Baltimore Mayor Sheila Dixon’s administration filed suit today in U.S. District Court alleging that Wells Fargo Bank engaged in predatory lending practices in black neighborhoods within the city.
According to a lawsuit, black neighborhoods in Baltimore were disproportionately affected by the subprime mortgage crisis, with most of the company’s loans that ended in foreclosure made in neighborhoods where the population is more than 80 percent black.
“When you have foreclosures, the property values drop, and you get less tax revenue. There’s fire and police costs that come from abandoned and boarded-up and vacant properties,” said John P. Relman, a Washington-based attorney who is representing the city in the lawsuit. “It leads to crime and drugs and school problems as the community is being destabilized.”
The lawsuit claims Wells Fargo used a practice known as “reverse redlining”, which instead of denying loans to a certain group or community, exploits that group with higher fees, rates, and penalties, an illegal practice under the federal Fair Housing Act.

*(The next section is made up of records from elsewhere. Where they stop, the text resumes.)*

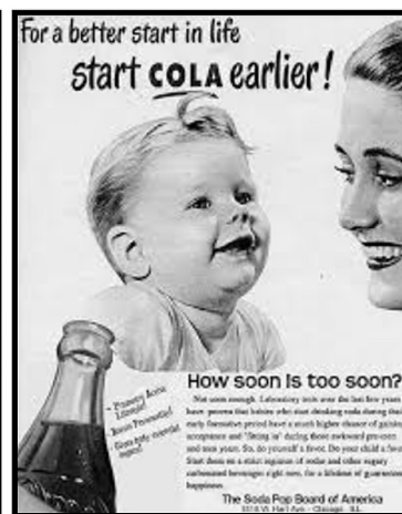
fed sugar-laden colas to babies,
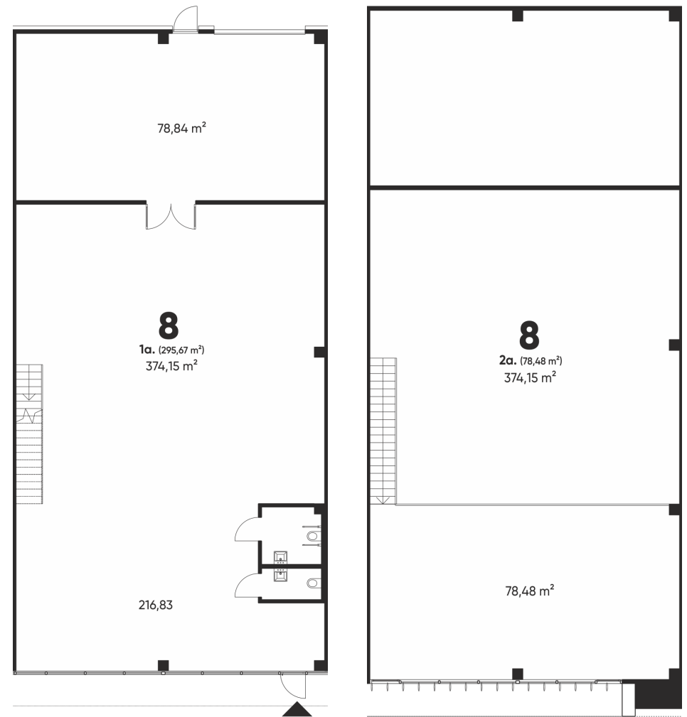
1st floor plan
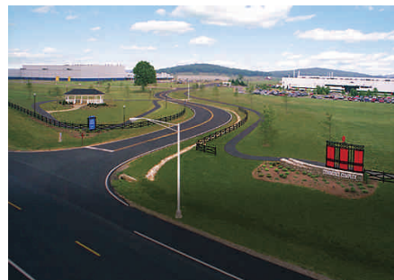
The Valley Oak Commerce Complex is a thriving industrial park located directly across from the Technology Complex.
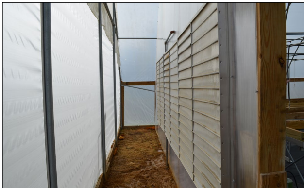
Figure 6. Insect-screened area on the back of a greenhouse.
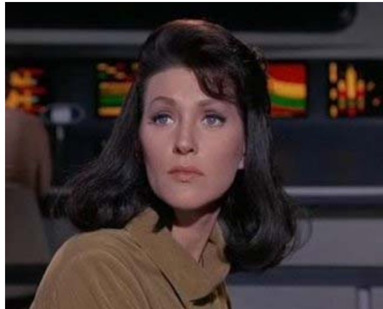
Majel as Number One from "The Cage"
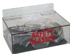
4GMR6 (Contents not included.)
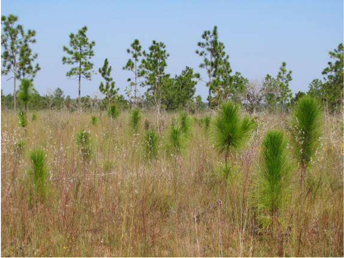
Pedestrian Transect M3: Sand hill adjacent to Cat Pond
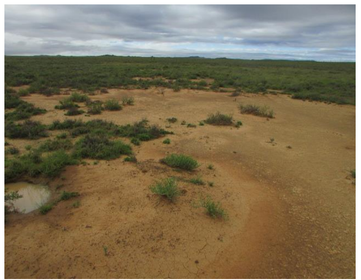
Fig.5: A view of a section of the larger area showing some open eroded areas.
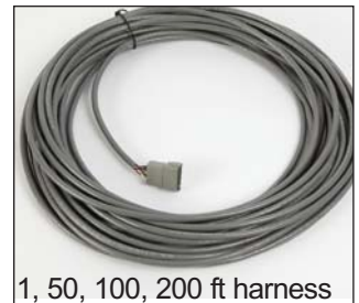
1, 50, 100, 200 ft harness

Compatibility: RS13A, RS13AC, RS14AF, RS20A or RS20AC generators and the RSS transfer switch models.
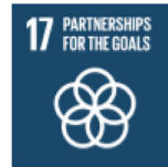
Environmental goals under the SDGs
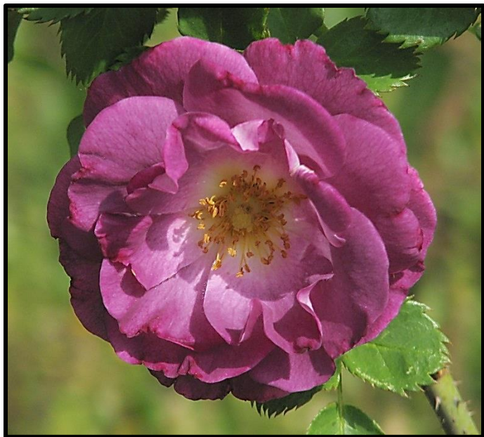
'Blue For You' – Floribunda, 2006
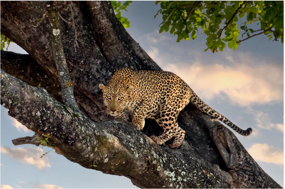
Title: ALERT LEOPARD ON THE TREE, BOTSWANA | SIZE : 20"X 30" Medium: Hahnemuhle Daguerre canvas | Price: Rs. 15,680/-
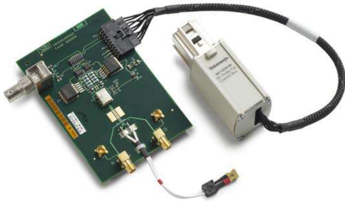
Figure 3: DC Probe Calibration Fixture
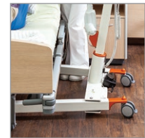
Electrically spreadable legs with low height to pass underneath baths and beds.
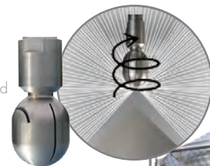
Rotary washing head

Usage of washing heads implies more profound cleaning of uneasily accessible inner parts.
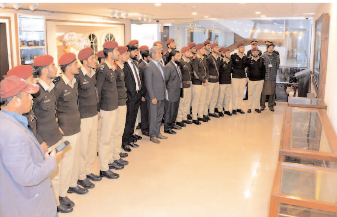
ISLAMABAD: Students from Cadet College Mastung (Balochistan), visiting Senate Museum at Parliament House.
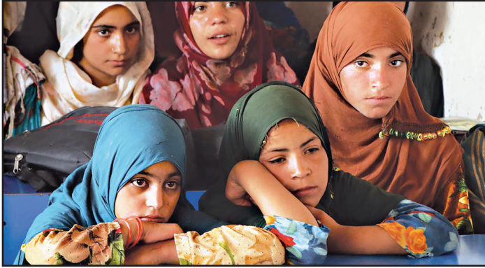
Opportunity for free learning
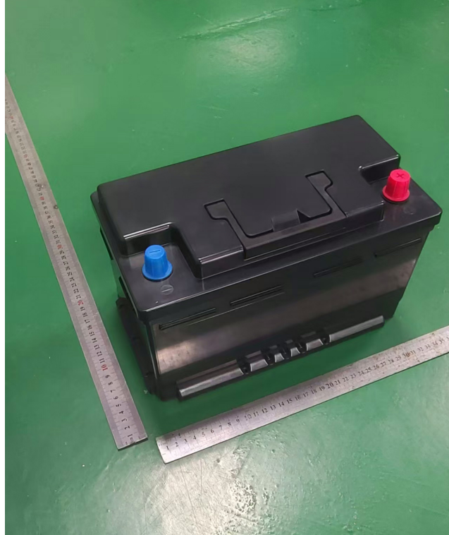
Figure 1 Overall view I of battery (电池外观图I)
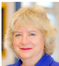
ALISON Peacock (Dame)

A unique law firm specialising in complex, often international family law
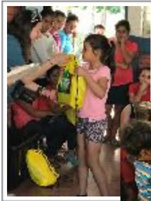
Jolie handing out a gift bag at a village school
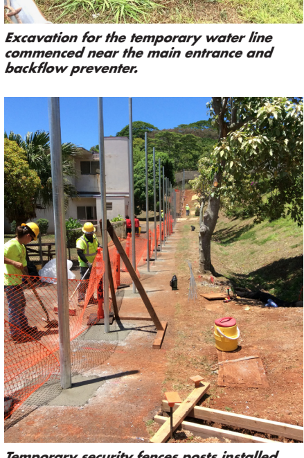
Temporary security fences posts installed.
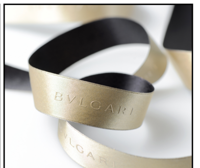
Lurex satin + sublimation transfer back printing + raised hot foil printing

For example, it claims that mortgages for homes worth $75,000 or less, most of which happened to be located in black neighborhoods, had inflated mortgage rates that were riddled with fees and surcharges.
“You could be equally well-qualified, but if you happen to buy a house that’s worth $75,000 or less, you’re going to pay more,” Relman said.

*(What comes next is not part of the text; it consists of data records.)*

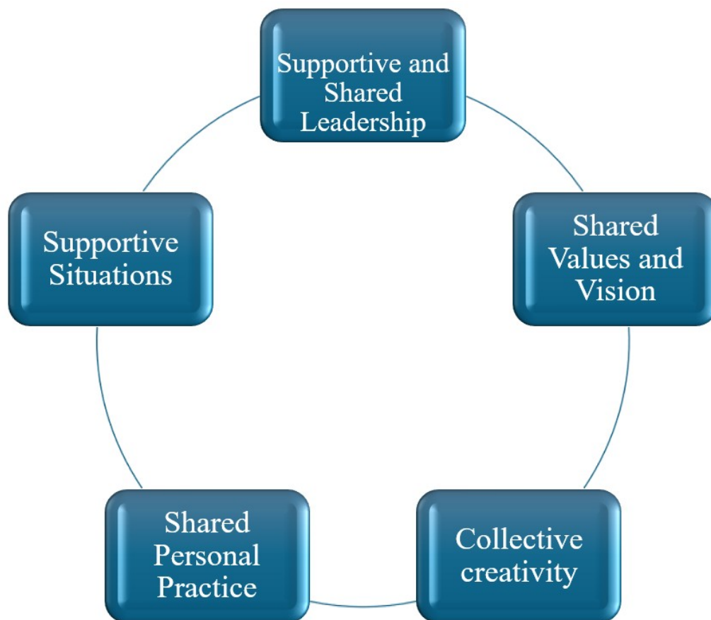
Figure 2. The Five Dimensions of a Professional Learning Community (adapted from Hord , 2004, Moet Moet Myint Lay, 2023)
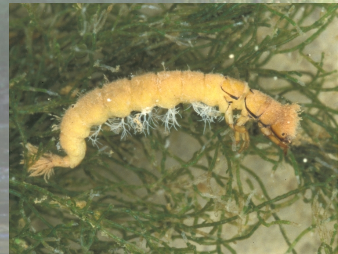
Cheumatopsyche lepida (Larve)
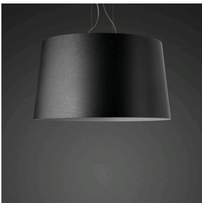
Twice as Twiggy
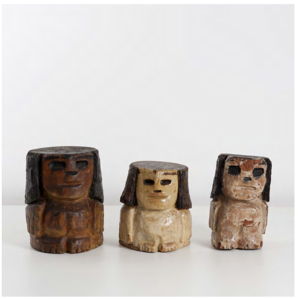
2017 Conceição dos Bugres, Galeria Estação, São Paulo
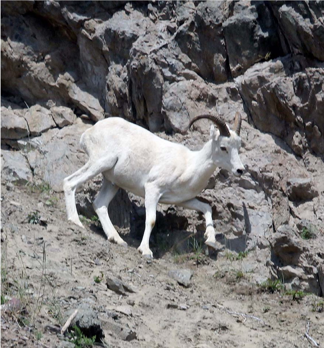
Thin-horned ("Dall") Sheep Beside Turnagain Arm south of Anchorage, AK
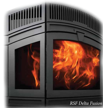
RSF Delta Fusion
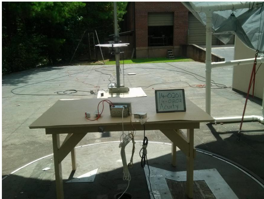
Photo 3- Radiated Emissions Test Setup, 200 MHz to 1000 MHz, Back

FCC Part 15.249/ RSS 210 14-0201 Acuity Brands Lighting 2ADCB-FCS7TSN 6715C-FCS7TSN September 3, 2014 FCS 7TSN
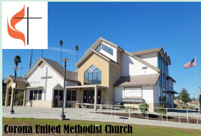
Corona United Methodist Church

San Francisco-based Wells Fargo does not comment on pending litigation, but spokeswoman Debora Blume said in a statement that the bank did not consider race when originating loans.

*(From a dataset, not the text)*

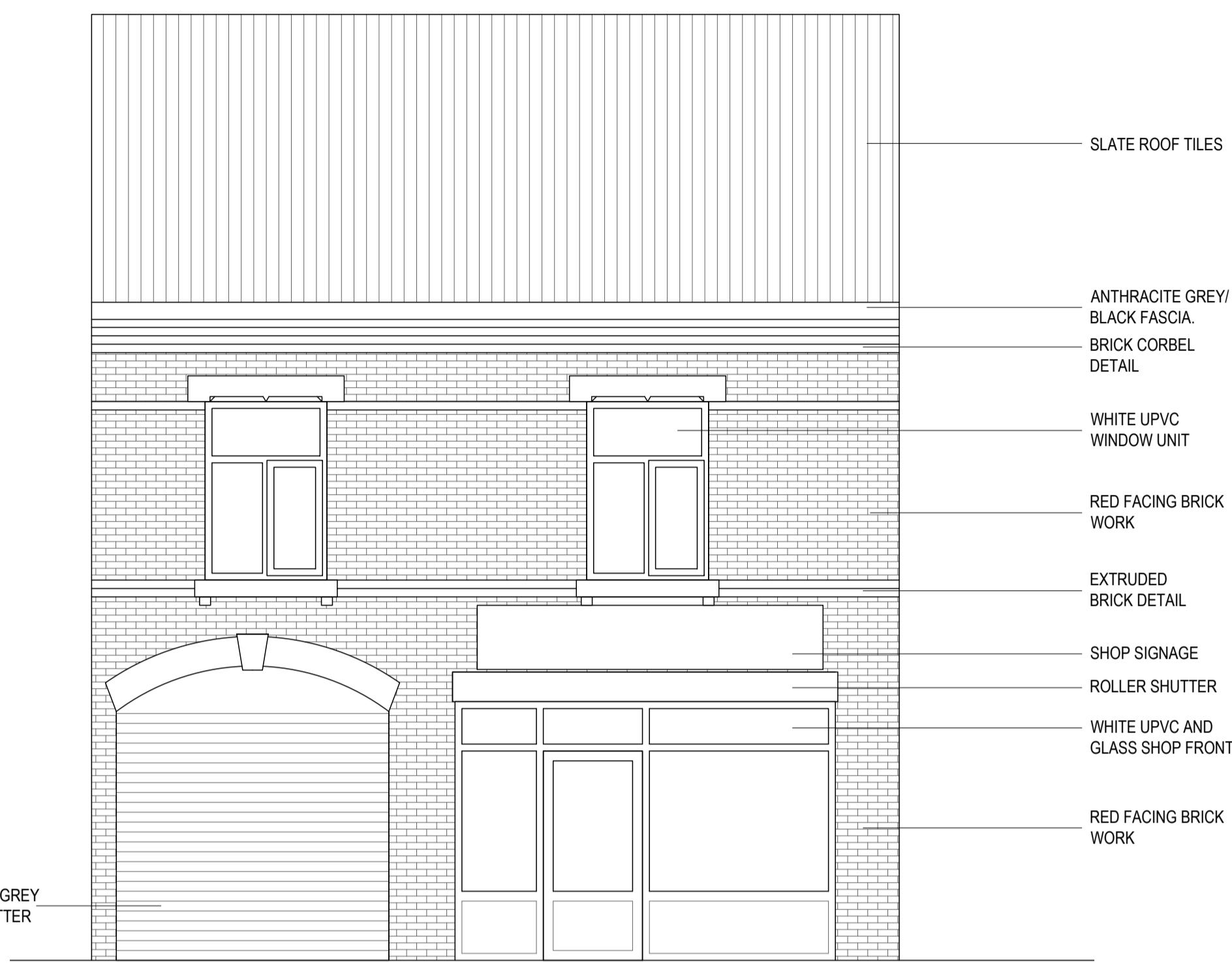
PROPOSED FRONT ELEVATION SCALE 1/50
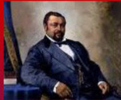
Blanche Bruce 1875-1881 Rep. Mississippi

“We do not tolerate illegal discrimination against, or unfair treatment of, any consumer,” Blume said. “Our loan pricing is based on credit risk. We are committed to serving all customers fairly – our continued growth depends on it.”
Wells Fargo has been one of the two largest mortgage providers in Baltimore since 2004, making 1,285 loans a year totaling more than $600 million from 2004 through 2006.
The lawsuit says more than 33,000 homes in Baltimore have been subjected to foreclosure filings since 2000, and Wells Fargo has more foreclosures than any other mortgage lender.